PLANT BIOLOGY Correction for “Isoprenoid biosynthesis is required for miRNA function and affects membrane association of ARGONAUTE 1 in Arabidopsis,” by Peter Brodersen, Lali Sakvarelidze-Achard, Hubert Schaller, Mehdi Khafif, Grégory Schott, Abdelhafid Bendahmane, and Olivier Voinnet, which appeared in issue 5, January 31, 2012, of Proc Natl Acad Sci USA (109:1778–1783; first published January 12, 2012; 10.1073/pnas.1112500109).

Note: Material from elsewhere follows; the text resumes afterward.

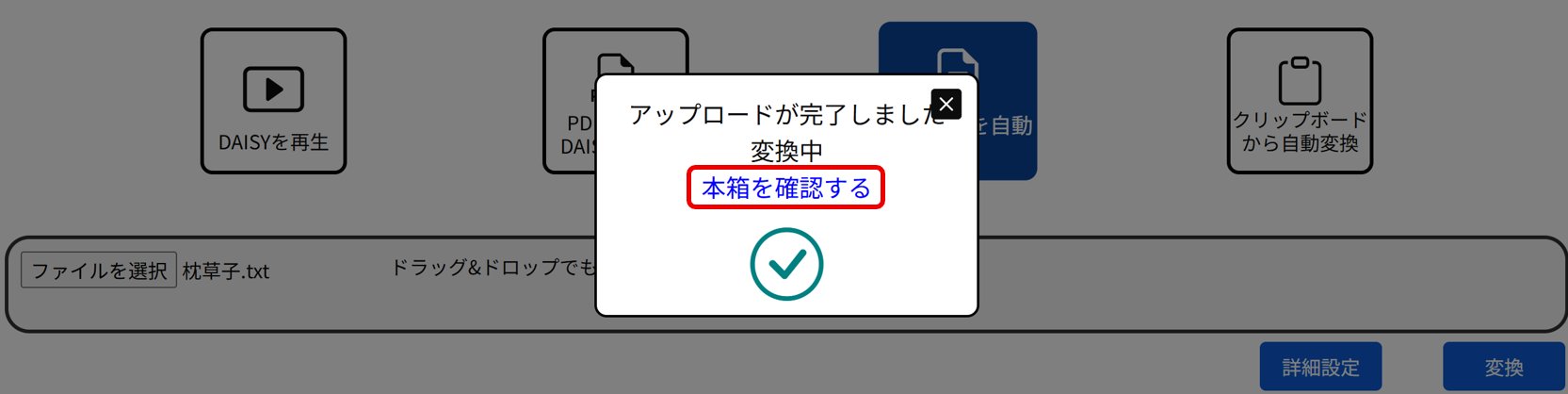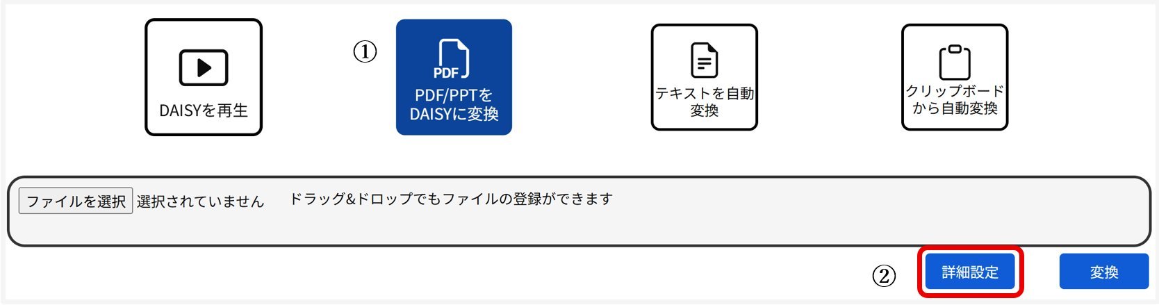 ※ 『詳細設定』については、「PDF/PPTをDAISYに変換」をご覧ください。

The authors wish to note, “It has been brought to our attention that a loading control panel in Fig. 5C had been incorrectly assembled. We have verified that mistakes were indeed made in assembling the loading control panels in the upper half of Fig. 5C. We have retrieved the original exposures of the Western blots and Coomassie-stained membranes. The original data show that the conclusion drawn on the basis of the data in Fig. 5C, that in inflorescences, ago1-38 mutant protein is less abundant specifically in microsomal fractions, remains valid. The corrected figure and updated figure legend appear below.”
Fig. 5.
AGO1 is a peripheral membrane protein. (A) Western analysis of AGO1, HMG1, and PEPC proteins in 100,000 × g supernatant (sup) and pellet (pel) fractions of cleared Col-0 inflorescence extracts prepared by hypertonic lysis. Five percent of the supernatant fraction is loaded, 20% of pellet fraction is loaded, precluding any clear estimates of relative abundance in soluble versus insoluble fractions. HMG1 is used here solely as a positive control for a transmembrane protein. (B) Western analysis of AGO1 and HMG1 proteins in pellet fractions prepared as in A. Pellets were resuspended in either microsome buffer, or microsome buffer supplemented with 1 M KCl, 0.1 M Na2CO3, or 0.5% Triton X-100, and separated into supernatant (sup) and pellet (pel) fractions again at 100,000 × g. At longer exposures, an insoluble AGO1 fraction upon Triton X-100 treatment is visible. (C) Microsome fractionation of inflorescence lysates from Col-0, ago1-25, and ago1-38. Two experiments with corresponding total (tot.) and microsome (micr.) fractions analyzed by Western blots with AGO1 antibodies are shown. (Top two panels) Western blots developed by enhanced chemiluminescence. (Bottom two panels) Western blots developed by less sensitive alkaline phosphatase staining that allows a clearer visualization of the difference in microsomal AGO1 abundance between Col-0 (WT) and ago1-38. *Unspecific cross-reacting band; RbcL, large subunit of RuBisCO; BSA, BSA added to the microsome buffer to avoid membrane association of proteins post lysis. The amount of BSA recovered in washed pellets is proportional to the amount of membrane recovered, and is used as loading control. (D) (Upper) Schematic depicting the position of several AGO1 hypomorphic mutations used in this study (black triangle) and the ago1-38 allele (red triangle) causing the G186R missense mutation. (Lower) The glycine residue mutated in Arabidopsis ago1-38 is highly conserved among various metazoan and fungal AGO proteins (highlighted in yellow). At, Arabidopsis thaliana; Ce, Caenorhabditis elegans; Hs, Homo sapiens; Sp, Schizosaccharomyces pombe. (E) Microsome fractionation of inflorescence lysates from Col-0 and hmg1-3. (Upper) Western analysis of AGO1 in total extracts. (Lower) Western analysis of AGO1 and HMG1 in microsome (pel) fraction. (F) Same analysis as in E performed with GFP171.1 and mad3 inflorescence lysates.